Hold on – don’t go. There is still plenty to live for

Kadri Gürsel

Yayınlanma: 11.11.2017 - 16:20
Abone Ol google-news

Universities, centrally placed among secularist influences in the country, appeared to be one of the biggest obstacles to the spreading of Islamist ideology by the ruling party. The regime’s leader would say, “We fear colonial universities and not military attacks. A fundamental revolution must be accomplished at all universities in the country and serenity must be imposed for the establishing of hallowed Islamic education.” They got ready and staged a midnight raid on many universities and locked the doors. All universities and higher education institutions remained closed for two and a half years.

 Over these thirty months, thousands of faculty members deemed to be left-wing or liberal were thrown out of universities. It did not stop here and thousands of students were expelled from their places of study for the same reasons; those applying to register were subjected to very rigorous checks based on the criteria of devotion to the new regime and religion. The selection commission inspectors investigated these students’ and their families’ lifestyles to the extent of going to their homes and neighbourhoods. Those deemed suspect were deprived of the right of access to higher education. This practice was later extended as far as secondary schools.

 Meanwhile, 52 American diplomats were being held hostage at the American Embassy, having been raided by the regime’s militants. (*)

 Of course, you have realised that the events took place in Iran.

 The year in which the universities were closed was 1980, the month was April. The outset of the Iranian Islamic Revolution. The mullahs really turned Iran into an uninhabitable country for the middle class and youth that had been excluded from education. We most certainly cannot ignore the effects of the Iraq-Iran war and embargos, but the prime factor was the Islamic Revolution itself.

 The result was that millions of well-educated Iranians with means at their disposal and who had the wherewithal to set up new lives for themselves anywhere in the world left their country. Iran, deprived to a dramatic extent of educated human capital and the middle class, was also impoverished due to this. As to the mullahs, they were delighted to be rid in this way of a large population that they saw as being problematic.

 I will now come to the point:

 Youngsters and the secular minded of all social classes who think “Turkey has become an uninhabitable place and we can no longer have a future here” and are preparing to leave the country – I recalled the Iranian example for you.
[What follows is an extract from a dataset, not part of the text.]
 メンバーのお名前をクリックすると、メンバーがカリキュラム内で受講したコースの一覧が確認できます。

My aim was to show what a truly uninhabitable country looks like. If you ask, “What was the need for that now?” I will reply, “I found the inclination to leave Turkey of which I had actually become aware before I was arrested and put in Silivri twelve months ago had grown much stronger inside me on my release.”
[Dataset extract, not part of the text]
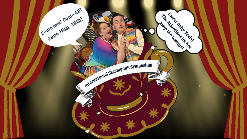 The Grand Arbiter and I are off for adventures at the wonderful International Steampunk Symposium. (Tickets are still available although the discounted room block is not.) Our dearest Eve Riot is joining us for the weekend as is our beloved friend, Captain Azar. I hope that many of you will also join us for oodles of cheekiness and tomfoolery! You can find all of the programming on their website–there is a plethora of marvelous activities including their signature events, the Tea Stroll and Olympiad!–and I shall share our schedule here so that you may find it easily.

 It is now commonplace news that an increasing number of young people that the country went to such pains to bring up are departing to work and settle abroad. On hearing that people from the middle-aged generation in my entourage are joining the flow, my sorrow increases.

 I, too, share the concerns of those who are thinking of going.
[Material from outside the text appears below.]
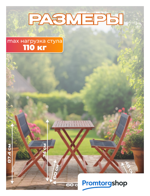 Состав набора | стол (1 шт.), стул (2 шт.). Максимальная нагрузка мебели для сидения 110 кг |

 Yes, there are no legal safeguards in any area whatsoever in Turkey in which arbitrary rule under the state of emergency continues to hold sway.

 Yes, those in power are excluding those who are not of their ilk from all processes and connections related to public administration.

 Yes, the disastrous scale of the drop in quality in education clouds our children’s future.

 Yes, as the need of the increasingly mediocre economy for skilled labour diminishes, youngsters turn their eyes abroad.

 And, yes, the belief that a fair, free and legal election can be held in this country grows ever weaker.

 And many more things like these.

 But, hold on a minute.

 Select one of the options below:

 First: Are all of these negative factors that inspire you to leave Turkey the work of a force that has just come to power, is rising and energetic and possesses extensive material and human resources and so will be permanent, like in Iran?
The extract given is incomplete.